TL;DR
AI-powered apps are enabling blind people to receive detailed feedback about their appearance for the first time. Whilst users find this empowering, researchers warn about potential body image impacts from AI systems trained on narrow beauty standards.
A New Kind of Mirror
Apps like Be My Eyes and Envision now offer blind users something previously impossible: detailed descriptions of their own appearance. Users can photograph themselves and receive AI-generated feedback on everything from skincare results to outfit coordination.
“I had sight for 17 years of my life, and while I could always ask people to describe things to me, the truth is that I haven’t had an opinion about my face for 12 years,” says Lucy Edwards, a blind content creator. “Suddenly I’m taking a photo and I can ask AI to give me all the details.”
Karthik Mahadevan, CEO of Envision, notes that appearance-related queries surprised the company. “Often the first question they ask is how they look.”
The Psychology of AI Feedback
Body image researchers express concern about the technology’s potential effects.
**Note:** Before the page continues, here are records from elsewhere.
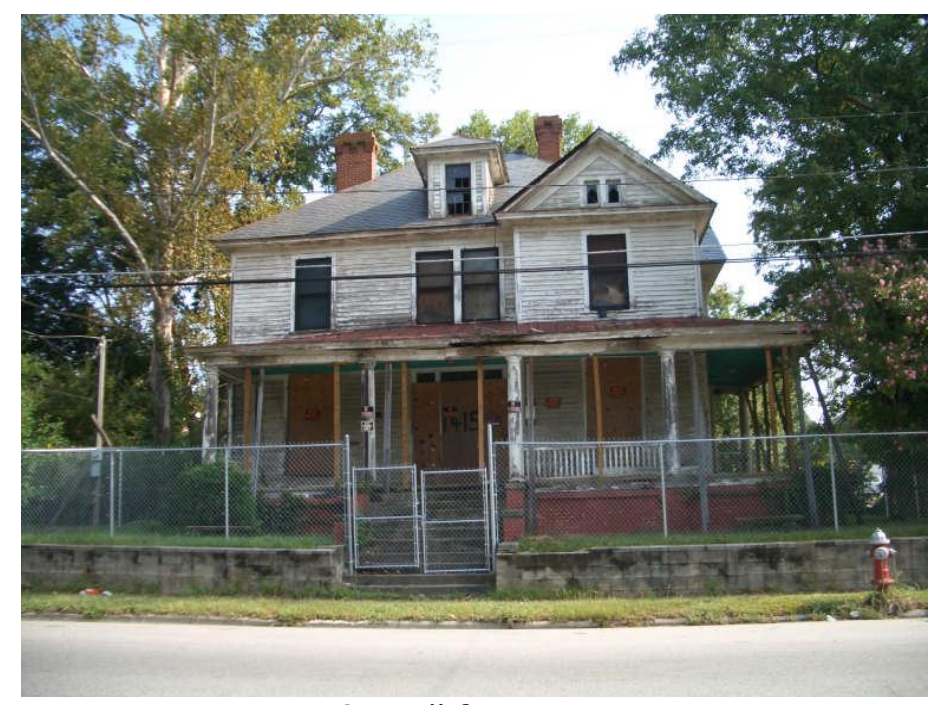
Overall front view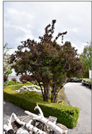
Black Beauty Elder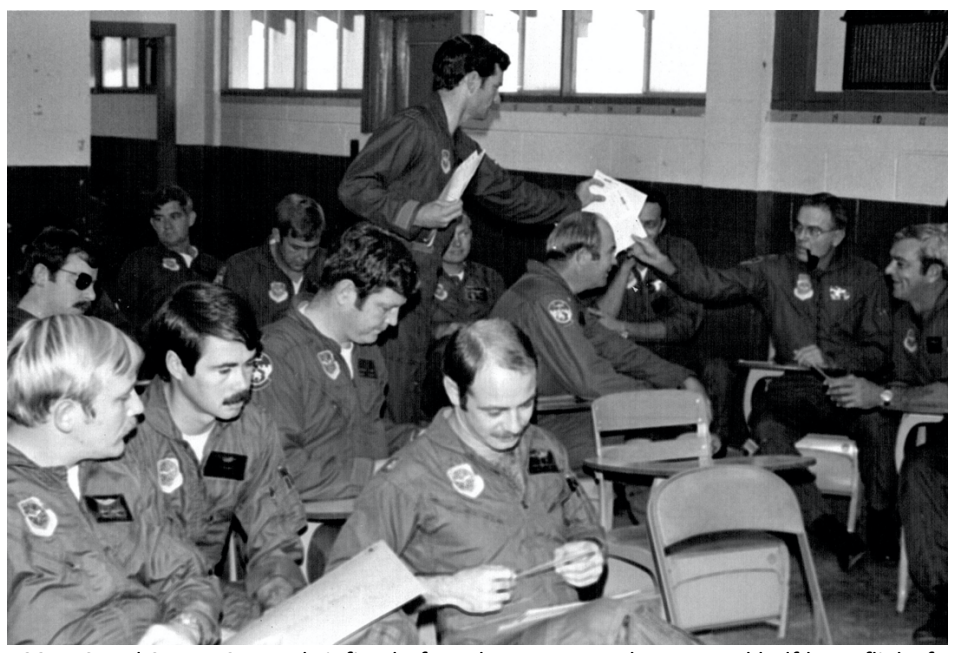
700 TAS and 357 TAS crew briefing before departure on the one and half hour flight from Gulfport, MS to the Eglin AFB, FL landing zone. 1977

Nov 1977 he 94 provided six aircraft and 190 personnel for "Bold Eagle." a 20,000 troop U.S. Readiness Command exercise held during November. The aircrews delivered thousands of pounds of supplies to aggressor forces.

Helena Lewis-Smith at the University of Bristol observes that “people who seek more feedback about their bodies, in all areas, have lower body image satisfaction. AI is opening up this possibility for blind people.”
The concern isn’t theoretical. AI models have historically been trained to favour thin bodies with Eurocentric features. When these biases shape the descriptions blind users receive, the effects could be significant—particularly since users lack the visual context to evaluate AI assessments objectively.
AI hallucinations present another risk. Joaquín Valentinuzzi, a 20-year-old blind user, found the technology sometimes changed his hair colour or misread his expressions. “This kind of thing can make you feel insecure,” he says.
Looking Forward
Despite the risks, blind users interviewed for the BBC piece largely view the technology positively. Edwards captures this sentiment: “We’re going to take it as a positive thing because even though we don’t see visual beauty in the same way that sighted people do, the more robots that describe photos to us, the happier we’ll be.”
The consensus seems to be that the mirror is here—the question is how to use it wisely.